A study in Chicago showed that the length of birds' lower leg bones (an indicator of body sizes) shortened by an average of 2.4% and their wings lengthened by 1.3%. In the central Amazon area, birds have decreased in mass (an indicator of size) by up to 2% per decade, and increased in wing length by up to 1% per decade, with links to temperature and precipitation shifts. These morphological trends may demonstrate an example of evolutionary change following Bergmann's rule. [16] [17] [18] [19] Across Eurasia, snowfinches became both smaller and darker over the past 100 years. [20]
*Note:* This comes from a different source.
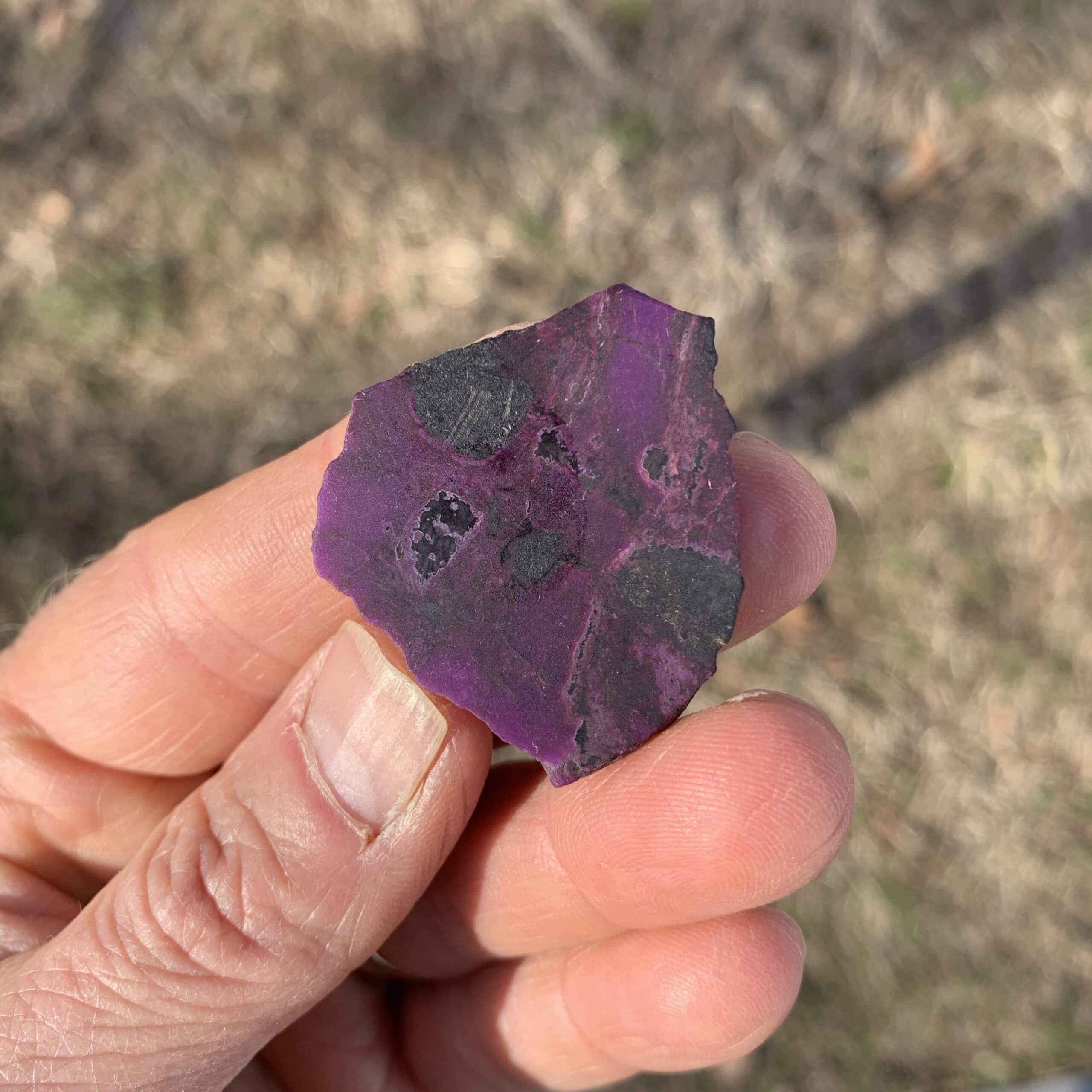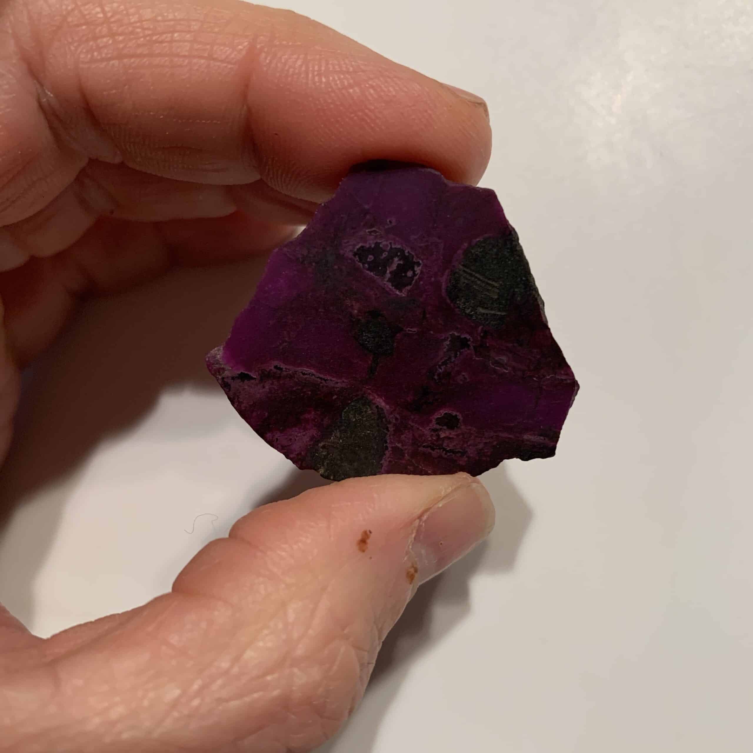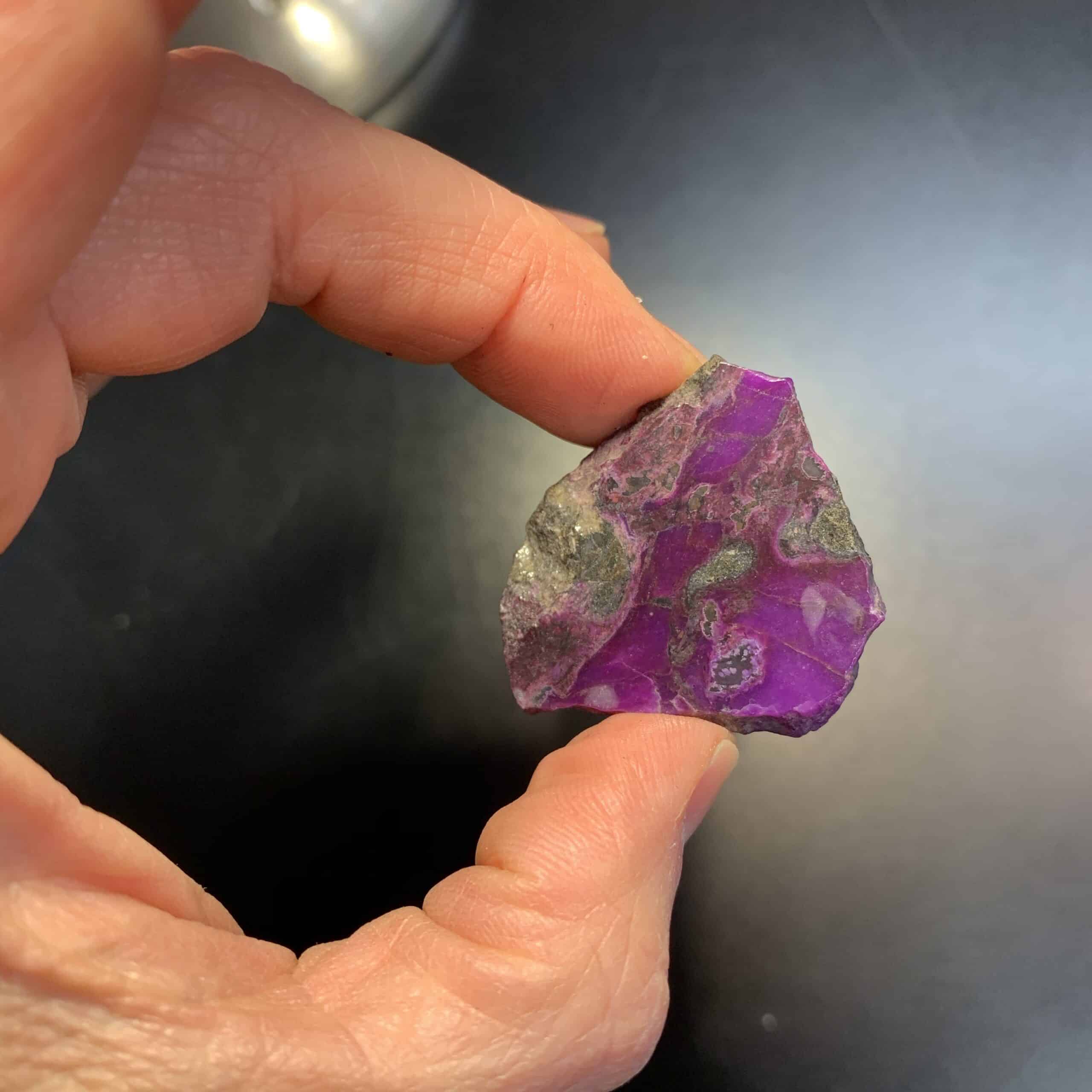 In the Crystal Concentrics paradigm, Sugilite is the ultimate Manifestation Stone, acting by celestial osmosis to bring into being what you hope and seek for. Sugilite comes from South Africa, was mined out in the 70’s and 80’s, and most of what’s available on the market today is disappointingly impure and low grade. Also, most vendors portray it with poor color reproduction and wet, so it looks like it might if it were cut and polished. You can see water on Kyle’s hand on the pieces shown wet. We like to show you what they look like dry too (as possible), ’cause that’s the truest test of the stone’s quality. The color is more vibrant when seen wet (or if polished). Sugilite is one of our favorite types of stones, and we’re hoping to set a new standard in grading and presentation quality for this extraordinary variety. Feel free to contact us with interest, as much of our merchandise is off line. We can post more pieces depending on your interest. Our prices on this material are not so flexible, because we’ve put a lot of energy into seeking, grading and marking these appropriately, relative to one another. The more a piece is, the more rare and deserving it is of having that price tag applied to it. Once you familiarize yourself with our inventory, you’ll understand how we’ve arrived at each unique price. Feel free to contact us with any questions. Oh, and in closing, you’ll notice that we also prefer natural pieces, uncut or polished (unless in or for jewelry), with harmoniously pleasing shapes and uniformity of color wherever possible. Length: 3.8cm; Width: 3.3cm; Depth: .3cm Weight: 39ct Origin: Africa, South Africa

Rising temperatures due to global warming have also been shown to decrease the size of many migratory birds. [21] In a first study to identify a direct link between cognition and phenotypic responses to climate change, researchers show that size reduction is much more pronounced in smaller-brained birds compared to bigger-brained species. [21] Reduction in body size is a general response to warming temperatures since birds with smaller bodies can dissipate heat easier, helping to cope with the heat-caused stress. Reduced body and brain sizes also lead to reduced cognitive and competitive ability, making the smaller-species birds easier targets for predators. [21] In another study where researchers compared the brain sizes of 1,176 bird species, they found that species that spend more resources on their young have larger brains as adults. [22] Bird species that feed their offspring after hatching have extended durations during which their young can develop their brain, producing more intelligent and larger-brained offspring. Changing environments due to climate change might impact the ability of birds to obtain enough food to sustain their own brains and provide for their young, resulting in reduced brain sizes. Larger-brained and more intelligent birds, such as the New Caledonian crow, may therefore be able to better cope with the challenges posed by climate change. [22]

Phenology

Differences in an Arctic shorebird phenology between a normal and a hotter year. Saalfeld 2021 bird phenology.png
Differences in an Arctic shorebird phenology between a normal and a hotter year.
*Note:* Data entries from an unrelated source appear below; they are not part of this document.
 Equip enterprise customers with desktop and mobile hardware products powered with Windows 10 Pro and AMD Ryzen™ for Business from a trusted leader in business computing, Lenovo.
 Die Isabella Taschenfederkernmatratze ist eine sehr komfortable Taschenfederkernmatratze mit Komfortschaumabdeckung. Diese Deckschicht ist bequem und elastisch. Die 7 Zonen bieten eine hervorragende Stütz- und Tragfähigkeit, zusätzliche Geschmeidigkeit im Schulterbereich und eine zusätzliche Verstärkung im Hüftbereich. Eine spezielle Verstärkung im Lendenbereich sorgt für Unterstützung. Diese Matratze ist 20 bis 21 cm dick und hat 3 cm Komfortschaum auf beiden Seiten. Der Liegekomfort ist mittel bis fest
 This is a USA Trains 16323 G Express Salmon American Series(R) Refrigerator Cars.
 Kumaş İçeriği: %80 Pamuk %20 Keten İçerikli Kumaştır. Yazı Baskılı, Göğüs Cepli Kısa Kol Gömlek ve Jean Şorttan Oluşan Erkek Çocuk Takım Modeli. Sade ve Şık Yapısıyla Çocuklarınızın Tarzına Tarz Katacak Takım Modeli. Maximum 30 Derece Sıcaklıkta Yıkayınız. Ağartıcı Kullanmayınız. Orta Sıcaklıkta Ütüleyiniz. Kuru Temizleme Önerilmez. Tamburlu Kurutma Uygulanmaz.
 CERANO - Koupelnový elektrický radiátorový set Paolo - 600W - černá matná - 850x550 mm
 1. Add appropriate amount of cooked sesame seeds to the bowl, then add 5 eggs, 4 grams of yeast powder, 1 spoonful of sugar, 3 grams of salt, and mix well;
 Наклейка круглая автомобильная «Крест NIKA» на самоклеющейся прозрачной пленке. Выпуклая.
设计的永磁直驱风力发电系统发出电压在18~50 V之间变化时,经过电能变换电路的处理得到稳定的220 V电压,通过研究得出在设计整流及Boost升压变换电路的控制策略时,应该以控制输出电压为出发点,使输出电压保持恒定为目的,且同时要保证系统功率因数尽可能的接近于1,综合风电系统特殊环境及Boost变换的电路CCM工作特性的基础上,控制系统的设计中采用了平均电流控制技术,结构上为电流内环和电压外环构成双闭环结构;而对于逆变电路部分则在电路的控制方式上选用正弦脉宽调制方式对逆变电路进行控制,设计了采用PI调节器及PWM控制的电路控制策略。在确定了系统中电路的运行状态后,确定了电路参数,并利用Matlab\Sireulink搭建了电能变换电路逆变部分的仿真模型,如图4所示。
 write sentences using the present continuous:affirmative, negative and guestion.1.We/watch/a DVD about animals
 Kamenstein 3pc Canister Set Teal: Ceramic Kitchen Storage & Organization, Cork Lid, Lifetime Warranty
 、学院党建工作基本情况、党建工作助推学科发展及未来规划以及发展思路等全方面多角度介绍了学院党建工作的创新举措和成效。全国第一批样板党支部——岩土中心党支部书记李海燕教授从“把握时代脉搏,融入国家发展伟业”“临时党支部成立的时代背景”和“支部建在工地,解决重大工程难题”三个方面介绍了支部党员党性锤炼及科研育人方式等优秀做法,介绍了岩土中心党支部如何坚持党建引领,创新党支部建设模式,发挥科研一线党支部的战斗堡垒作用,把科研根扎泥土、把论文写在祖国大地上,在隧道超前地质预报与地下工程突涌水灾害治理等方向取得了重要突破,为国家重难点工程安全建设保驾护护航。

For many species, climate change already results in phenological mismatch, which is a phenomenon where the timing of one aspect of a species' yearly cycle ceases to align with another, impairing the species' evolutionary fitness. Events such as reproduction and migration are energetically expensive, and often only occur during a brief period throughout the annual cycle when seasonal prey availability is the highest. However, many prey items differ in energetic and nutritional content and are responding to climate change at different rates than bird life stages. [24] Some common species like pied flycatcher can compensate for a mismatch between their breeding time and population sizes of their preferred prey (caterpillars) by feeding their offspring alternatives like flying insects and spiders, leading to reduced body mass but avoiding a major decrease in reproductive success. [25] Mismatch is a more acute issue for Arctic shorebirds due to the high rate of climate change in the Arctic, [23] leading to events like the 2016 starvation-caused die-off of around 9000 puffins and other shorebirds in Alaska. [26] Long-distance migrating birds also tend to be more sensitive to phenological mismatch, due to the increasing inability to track changes in the breeding environment the further they migrate or to adjust when they can gather food and breed. There is more phenological mismatch occurring during the spring migration, leading to decline in populations in species that have a greater mismatch or phenological asynchrony, compared to species with a lower sensitivity to the changing climate and therefore less need to adjust migratory patterns. [9] If the timing of the highest availability of a bird species' main food source happens earlier than its migration timeline because of warmer weather, then it will likely miss the time for resource gathering. [27]

In response, changes in bird phenology have been observed over the past 50 years, such as the lengthening of spring migrations. Different species can have different triggers for migration, and so the changes in migration patterns can also differ, but for many, there is a correlation between temperatures and otherwise unexplained variations in migration timing over the short term. In general, the earliest individuals are migrating earlier and the latest migrating at a similar time or later than before. [7] [28] Wood warblers in North America provide a notable example, as an analysis of 60 years of data shows that every additional of early spring temperatures appears to bring their migrations 0.65 days closer. [8] There has been some scientific debate as to whether such shifts represent an evolutionary adaptive change, or phenotypic plasticity. In other words, just because many individuals in a species have altered their phenology, it does not mean that the change will necessarily help those individuals obtain greater reproductive success and perpetuate the change in behaviour in the next generation, since individual phenotypic changes may be mistimed. This is especially important with climate change, as its variable rate makes it harder to adjust the timing correctly, and it's possible for individuals across multiple generations to respond to such environmental cues in the same manner, but without an ultimate reproductive benefit. [29] Some species which have increased their egg laying dates and advanced spring migration timelines have shown more positive population trends, like some passerines breeding in Great Britain, but this only provides indirect evidence. [9] To date, Common terns are one of a few species where the pressure to migrate earlier (forwards shift of 9.3 days over 27 years) was confirmed to have a heritable component to it. [30]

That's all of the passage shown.